BeautifulSoup is a library for parsing HTML (and XML). It is incredibly useful and fairly easy to learn. The documentation pages (linked above) note that it was used to make [this artwork](http://www.nytimes.com/2007/10/25/arts/design/25vide.html), which is an interesting example for its use of both digital and analogue media.

Beautiful Soup provides methods for accessing HTML elements, and their useful attributes such as `id` and `class` attributes.

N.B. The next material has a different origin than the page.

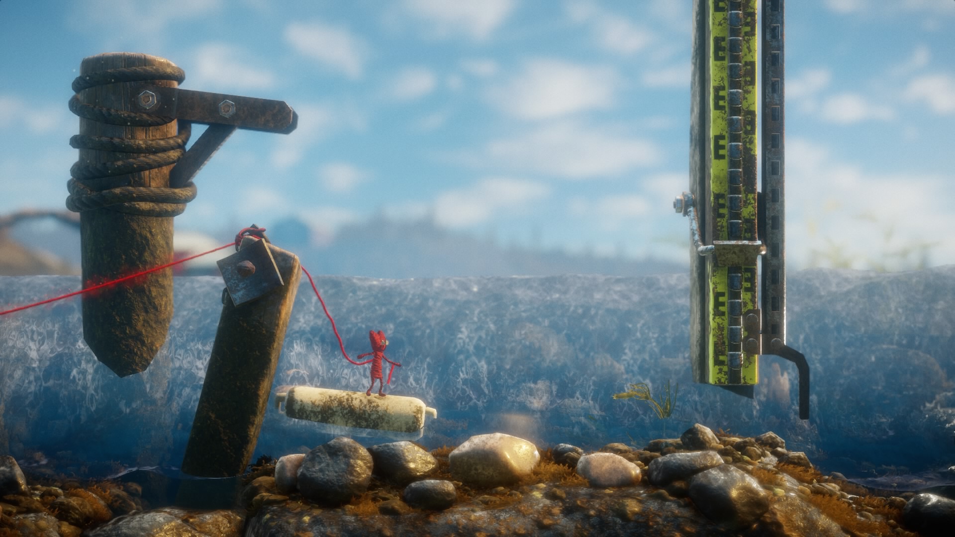 L’autre particularité de Unravel est sa direction artistique absolument sublime. Le jeu est pratiquement photo réaliste à travers l’application de très belles textures et des effets de lumière à tomber. Le jeu gère également très bien la profondeur de champ et la physique de la neige et de l’eau. Bref, le jeu propose une modélisation très belle et très réaliste des paysages suédois, de sa faune, de sa flore et de ses conditions climatiques.

Here is an example of retrieving the title element:

In [None]:
from bs4 import BeautifulSoup

# create a BeautifulSoup object using the html.parser
soup = BeautifulSoup(response.text, "html.parser") 
# find the html title tag
title = soup.title

print(title)

Or, to obtain the title without HTML tags ...

In [None]:
print(title.get_text())

### Find by class attribute

How would we find links to the list of stories? 

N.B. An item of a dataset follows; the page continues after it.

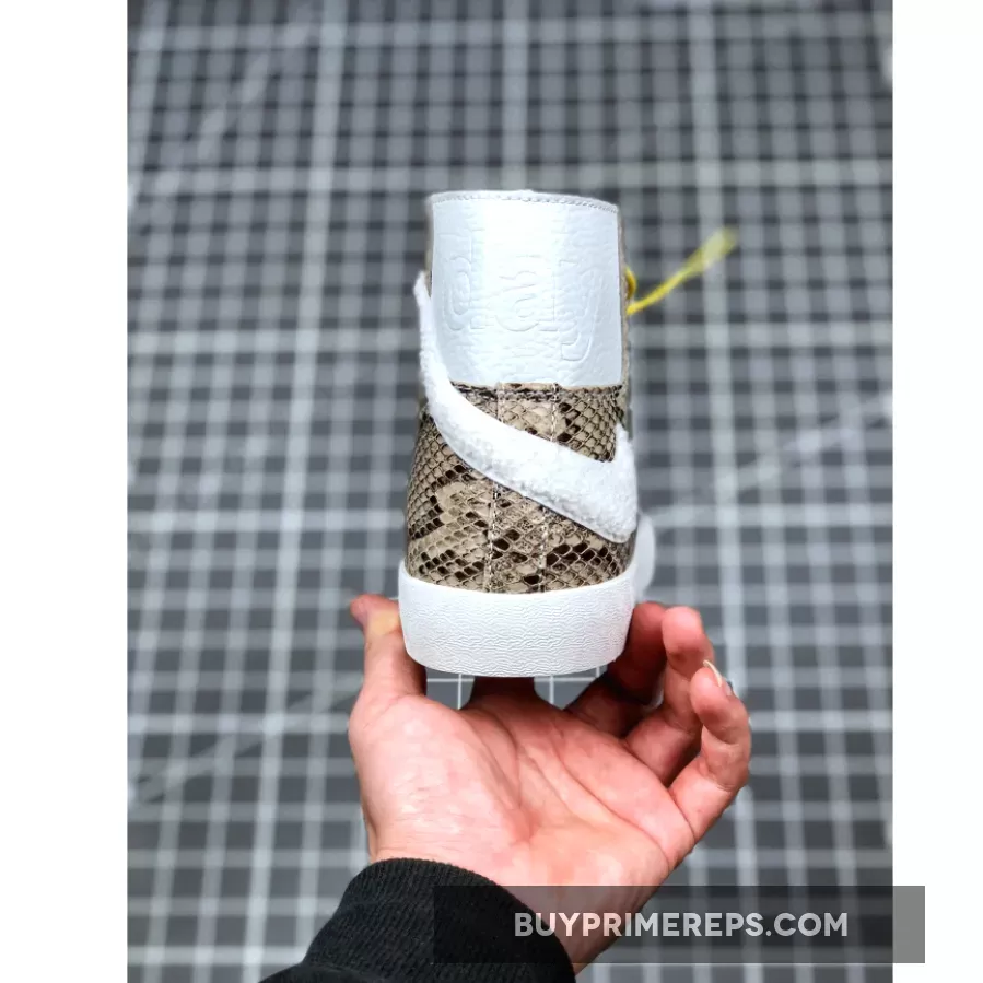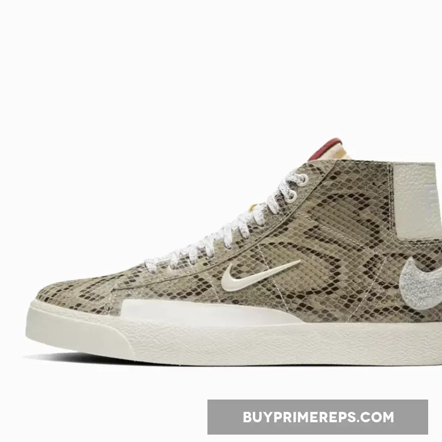 One notable departure from the traditional Blazer Mid design is the absence of the usual Swoosh branding. Instead, there is a small Swoosh logo on the lateral side and a larger chenille Swoosh that wraps around the medial side panel and heel. This unique branding gives the shoe a distinctive and eye-catching look.

Using the `find_all` filter you can return specific element types and target them more specifically using their class attribute. The code below will each select every ```<li>``` with the class attribute containing ```o-digest```. You can check the HTML above to verify that these elements contain a story link. 

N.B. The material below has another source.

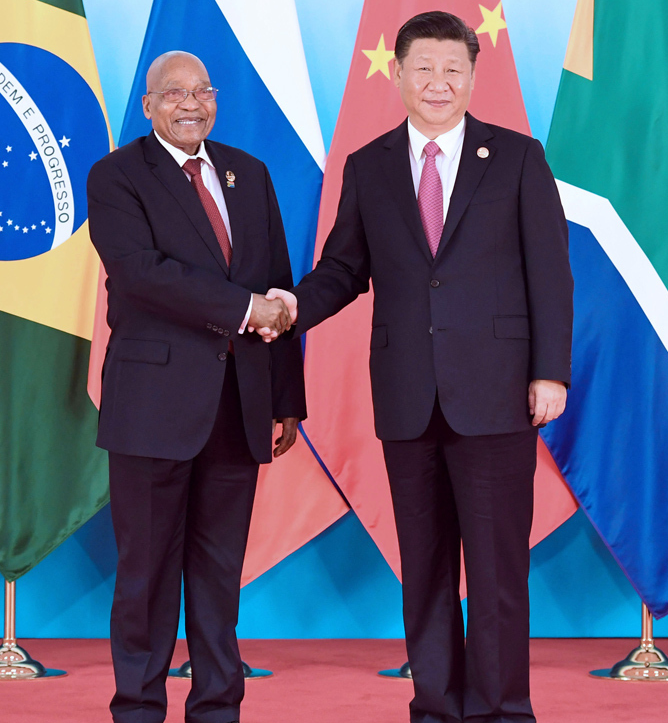9月4日,金磚國家領導人第九次會晤在廈門國際會議中心舉行。國家主席習近平主持會晤并發表題為《深化金磚伙伴關系 開辟更加光明未來》的重要講話。這是習近平迎接南非總統祖馬。

Note: `class_` with an underscore is used because `class` is a also reserved word used for other things in the Python programming language.

In [None]:
stories = soup.find_all('li', class_='o-digest')

for story in stories:
    link = story.a #we want the a element that is a child of the list item
    print(link['href']) #we just want to see the URL

As with the Web Scraper for Chrome, we can use a CSS selector that identifies each story in the HTML. The code below uses `.select()` to target the elements we want using a CSS selector. So, if you can learn about CSS selectors you have a powerful tool to extract the data you want.

In [None]:
stories = soup.select('li.o-digest') # this is elegant and flexible!

for story in stories:
    link = story.a
    print(link['href'])

### Find by regular expression

We can use regular expressions to target specific content in the page. For example, if we just wanted all the "Wireless Docs" links we can select only links with that text.

In [None]:
import re

regex_results = soup.find_all(string=re.compile("Wireless Docs:"))

for result in regex_results:
    link = result.find_parent('a', class_='faux-link') # using the class attribute we found earlier
    if link is not None:
        print(link.get_text(),link['href'])

### Tasks

Continue investigating _The Wireless_ and try to copy and modify code from above to:

1. Modify the regular expression to list all the 'Someday Stories' articles from https://www.rnz.co.nz/news/the-wireless
2. Copy and modify the code to collect all the links in the text of this article: https://www.radionz.co.nz/news/the-wireless/375285/feature-artificial-affection-the-psychology-of-human-robot-interactions 
3. For the story https://www.radionz.co.nz/news/the-wireless/375285/feature-artificial-affection-the-psychology-of-human-robot-interactions, write code to extract the photo caption text using `.select()` and CSS selectors. 
4. On the page https://www.rnz.co.nz/news/the-wireless the articles with video are indicated with (VIDEO) after the description. Write some code to find all stories and test whether a story contains video. Your code should output the URL to each story that features video.

There is a notebook with solutions for each of the four tasks on Learn. Try your best to write the code using the examples above. You can use the solutions to check your answer or to help you if you get stuck.